- Thousands of hot “pink” stocks are hiding in plain sight.
- Greater risk carries greater rewards.
- “Grey” stocks are riddles wrapped in mysteries inside enigmas.
- Also recommended: Curious new ammo could turn our defense protocols upside down.
Over 3,300 companies trade on the Nasdaq. Another 2,800 trade on the New York Stock Exchange.
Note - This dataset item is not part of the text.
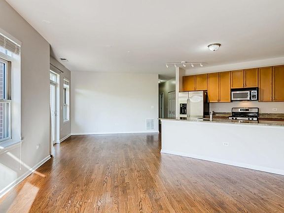 University Village 3 bedroom, 2 full bath condo with parking! Tons of windows in this bright, spacious, high ceiling, and modern floor plan corner unit! Freshly painted, new blinds, curtains, light fixtures, hardwood floors throughout with brand new carpeting in two bedrooms. Kitchen boasts higher end finishes with granite countertops, 42" cherry cabinets, and stainless steel appliances, large breakfast bar/island that can easily accommodate at least five stools. Open concept living, perfect for entertaining and having company over. Plenty of counter space for preparing and serving all your meals. Large master bedroom with hardwood floors and own private en-suite. Two generous sized bedrooms located down the hall. Private outdoor balcony with TREX flooring, newer in unit laundry, and parking included in the price! Prime location, just south of red hot West Loop, Little Italy, and Greek town, next to the medical district and UIC, close to Rush University, Pilsen, major highways, and public transportation. -Move-in Fee: $250 -Deposit due upon lease signing -No smoking -No pets -Renter pays for utilities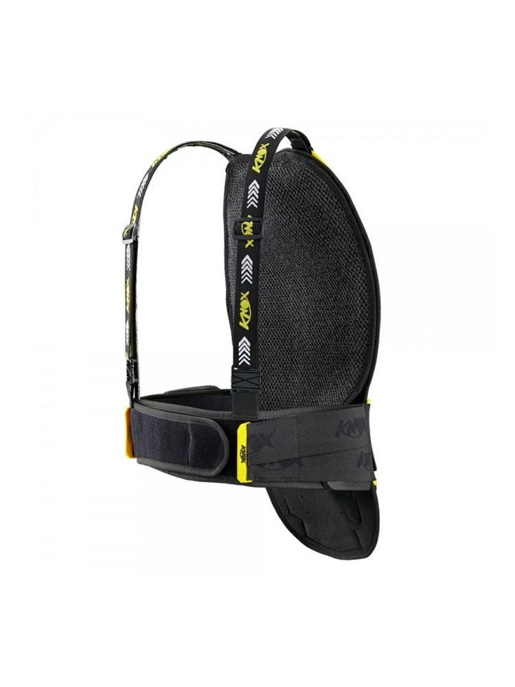 Knox Aegis to innowacyjny ochraniacz pleców wykonany z wytrzymałej termoplastycznej gumy, która absorbuje bardzo dużą część energii powstałej podczas uderzeń. Siedem rozmiarów (począwszy od męskich poprzez damskie i dziecięce) umożliwia idealne dopasowanie do każdego rodzaju sylwetki. Cienka konstrukcja jest bardzo lekka i niewidoczna, dzięki czemu protektor można schować nawet pod obcisłą skórzaną kurtką. Odpinana przewiewna podszewka wykonana jest ze specjalnego materiału, który umożliwia pranie jej w zwykłej pralce automatycznej, dzięki czemu zawsze pozostaje świeża. Ochraniacz z panelami o przekroju plastra miodu dzięki systemowi IPS jest bardzo elastyczny i pozwala na przyjęcie idealnej pozycji na motocyklu. Rewelacyjny system wentylacji gwarantuje optymalny przepływ powietrza, który utrzymuje przyjazną temperaturę pod ochraniaczem. Wielopozycyjny pas mocujący z uchwytami bocznymi świetnie zabezpiecza kręgosłup i umożliwia przesunięcie ochraniacza. Naramienne paski z opcją szybkiego odpinania posiadają również możliwość zapięcia ich na krzyż, znacząco zwiększając komfort i stabilność. Ochraniacz spełnia wymogi Certyfikatu Europejskiego EN1621-2:2014. Aegis przeszedł test na poziomie 2 (Level 2), jak również zaliczył testy na niską i wysoką temperaturę +40C i -20C, co potwierdziło jego użyteczność we wszystkich warunkach, włączając w to sporty zimowe. Protektor ma możliwość dokupienia certyfikowanego ochraniacza klatki piersiowej (sprzedawany osobno).

And the IPO market adds more companies to the mix every quarter.
Together, they represent the entire U.S. stock universe.
But many investors are surprised to learn that another dynamic niche of the market exists.
It’s a wildly overlooked niche — virtually forgotten by Main Street.
I’m talking about the “Pink Sheets,” where thousands of the most speculative companies on the planet live.
Pink Sheet companies are oftentimes at the embryonic stage of growth.
They typically have limited operating histories, too.
Heck, some aren’t even required to file financial reports or audited statements with the SEC.
So the specter of less regulation and the lack of financial transparency cause investors to avoid this dimly lit corner of the market.
With no minimum financial standards, [the Pink Sheets] market includes foreign companies that limit their disclosure, penny stocks and shells, as well as distressed, delinquent and dark companies not willing or able to provide adequate information to investors.
But ignoring the Pink Sheets altogether isn’t intelligent risk taking.
Let me explain.
How to Intelligently Invest in the Pink Sheets…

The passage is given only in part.